What the exercise asks ▸ Print the lines below from the line with "Modern apartment in" to the line with "2000W大蒸汽,强劲穿透,快速除皱重塑" exactly, keeping both ends, and print no pictures.

Records from a collection

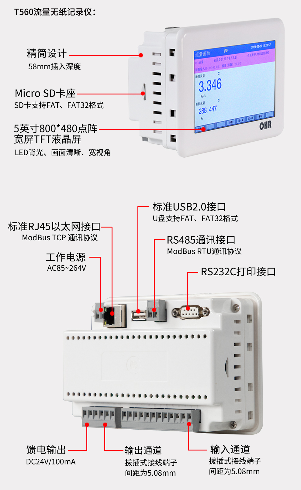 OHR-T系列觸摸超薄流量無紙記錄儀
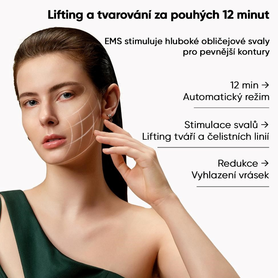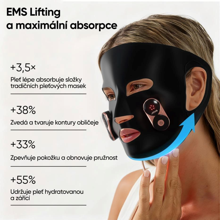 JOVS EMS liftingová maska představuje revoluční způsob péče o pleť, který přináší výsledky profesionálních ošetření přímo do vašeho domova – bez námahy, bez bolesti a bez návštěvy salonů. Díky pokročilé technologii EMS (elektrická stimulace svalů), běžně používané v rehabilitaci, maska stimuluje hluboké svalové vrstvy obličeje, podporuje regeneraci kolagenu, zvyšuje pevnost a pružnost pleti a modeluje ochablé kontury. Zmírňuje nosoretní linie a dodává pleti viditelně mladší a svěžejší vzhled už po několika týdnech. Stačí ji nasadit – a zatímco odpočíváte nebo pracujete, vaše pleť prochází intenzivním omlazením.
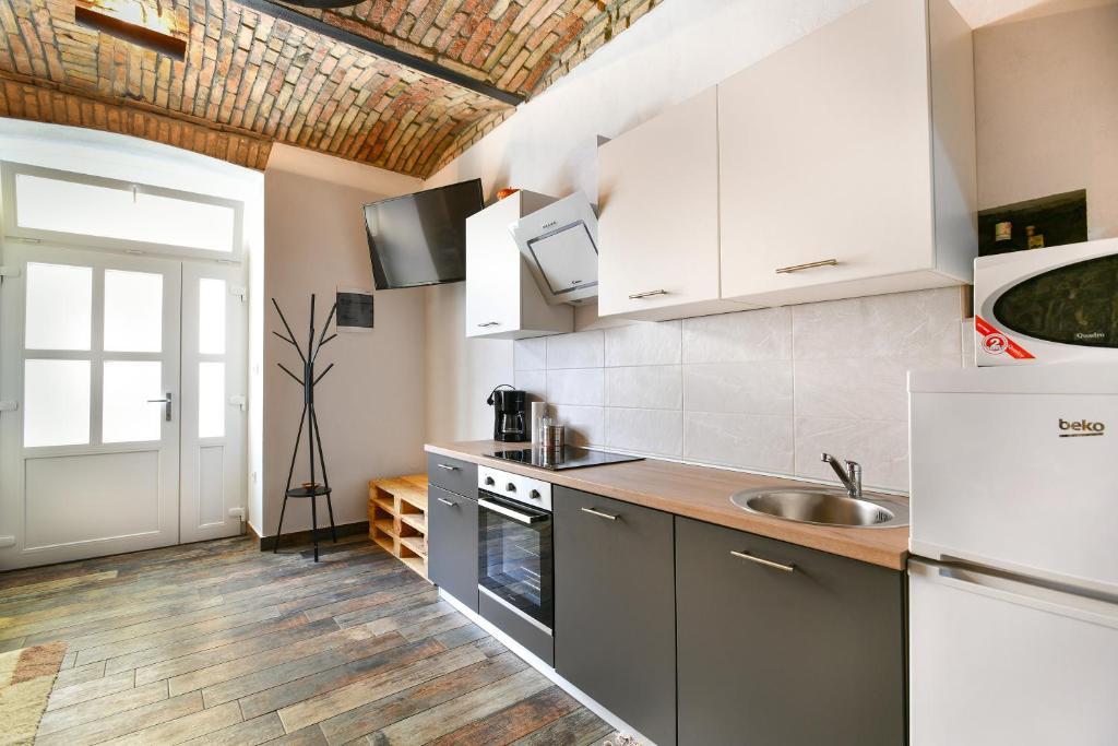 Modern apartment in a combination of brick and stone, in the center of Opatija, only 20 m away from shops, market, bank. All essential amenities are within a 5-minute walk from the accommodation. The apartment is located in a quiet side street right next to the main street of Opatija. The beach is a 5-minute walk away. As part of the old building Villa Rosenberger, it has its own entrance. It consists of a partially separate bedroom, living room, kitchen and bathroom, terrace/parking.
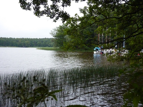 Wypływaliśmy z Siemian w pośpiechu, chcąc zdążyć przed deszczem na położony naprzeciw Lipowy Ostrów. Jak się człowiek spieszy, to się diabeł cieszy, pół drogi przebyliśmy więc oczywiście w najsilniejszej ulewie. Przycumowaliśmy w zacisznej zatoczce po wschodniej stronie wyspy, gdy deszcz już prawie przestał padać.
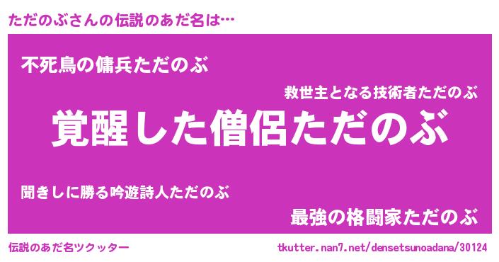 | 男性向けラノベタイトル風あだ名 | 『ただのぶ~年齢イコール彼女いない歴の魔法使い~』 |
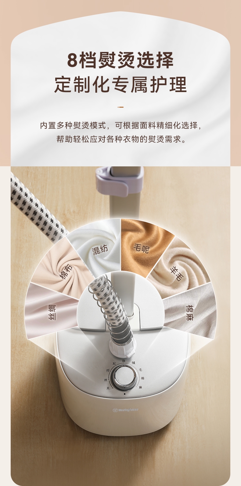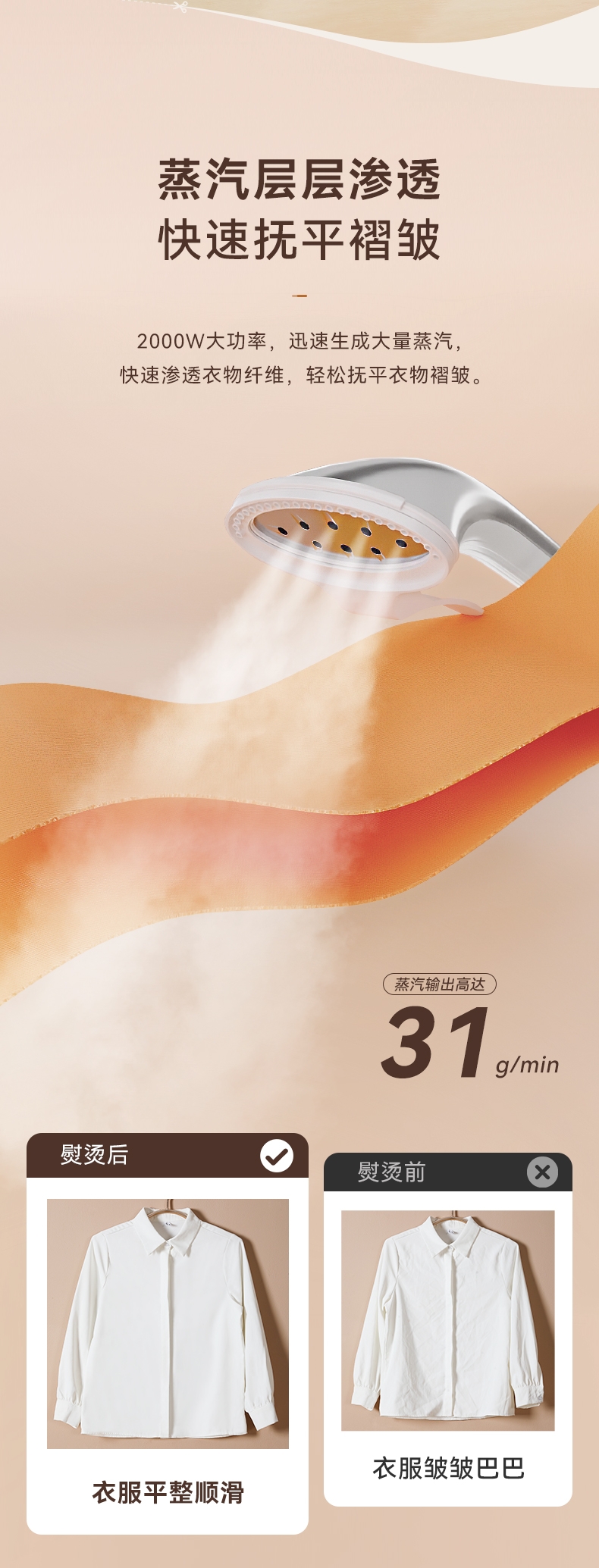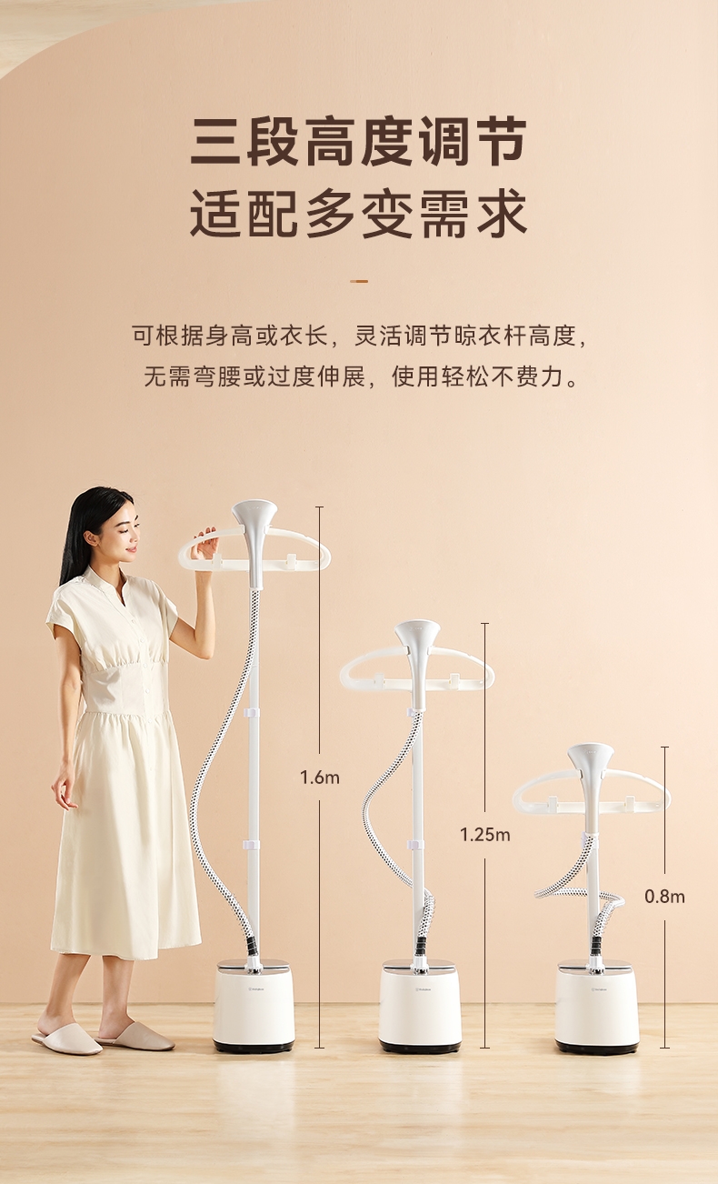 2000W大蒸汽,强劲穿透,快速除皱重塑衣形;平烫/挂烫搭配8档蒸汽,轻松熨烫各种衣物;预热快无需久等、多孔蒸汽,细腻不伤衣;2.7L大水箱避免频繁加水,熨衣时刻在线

...

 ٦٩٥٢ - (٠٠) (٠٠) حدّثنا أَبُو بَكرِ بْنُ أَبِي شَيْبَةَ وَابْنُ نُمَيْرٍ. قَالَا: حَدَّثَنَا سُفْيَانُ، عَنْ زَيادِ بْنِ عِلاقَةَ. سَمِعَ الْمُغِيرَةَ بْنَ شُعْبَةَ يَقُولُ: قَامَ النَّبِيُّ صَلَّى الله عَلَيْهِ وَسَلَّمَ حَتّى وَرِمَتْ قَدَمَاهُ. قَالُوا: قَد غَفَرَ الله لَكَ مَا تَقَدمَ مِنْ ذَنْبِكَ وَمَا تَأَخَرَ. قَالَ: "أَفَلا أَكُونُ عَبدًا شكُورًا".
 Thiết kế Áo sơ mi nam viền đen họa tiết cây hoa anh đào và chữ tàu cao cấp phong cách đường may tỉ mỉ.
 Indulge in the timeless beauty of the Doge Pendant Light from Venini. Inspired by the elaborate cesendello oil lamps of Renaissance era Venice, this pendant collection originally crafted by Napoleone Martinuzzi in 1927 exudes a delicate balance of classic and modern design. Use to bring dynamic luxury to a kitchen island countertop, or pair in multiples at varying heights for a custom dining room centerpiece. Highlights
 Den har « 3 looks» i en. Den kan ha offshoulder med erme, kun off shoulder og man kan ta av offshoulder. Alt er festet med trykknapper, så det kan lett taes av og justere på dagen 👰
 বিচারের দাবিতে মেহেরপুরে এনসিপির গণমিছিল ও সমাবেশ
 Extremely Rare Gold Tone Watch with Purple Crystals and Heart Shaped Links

Answer below ▸
 Modern apartment in a combination of brick and stone, in the center of Opatija, only 20 m away from shops, market, bank. All essential amenities are within a 5-minute walk from the accommodation. The apartment is located in a quiet side street right next to the main street of Opatija. The beach is a 5-minute walk away. As part of the old building Villa Rosenberger, it has its own entrance. It consists of a partially separate bedroom, living room, kitchen and bathroom, terrace/parking.
 Wypływaliśmy z Siemian w pośpiechu, chcąc zdążyć przed deszczem na położony naprzeciw Lipowy Ostrów. Jak się człowiek spieszy, to się diabeł cieszy, pół drogi przebyliśmy więc oczywiście w najsilniejszej ulewie. Przycumowaliśmy w zacisznej zatoczce po wschodniej stronie wyspy, gdy deszcz już prawie przestał padać.
 | 男性向けラノベタイトル風あだ名 | 『ただのぶ~年齢イコール彼女いない歴の魔法使い~』 |
 2000W大蒸汽,强劲穿透,快速除皱重塑衣形;平烫/挂烫搭配8档蒸汽,轻松熨烫各种衣物;预热快无需久等、多孔蒸汽,细腻不伤衣;2.7L大水箱避免频繁加水,熨衣时刻在线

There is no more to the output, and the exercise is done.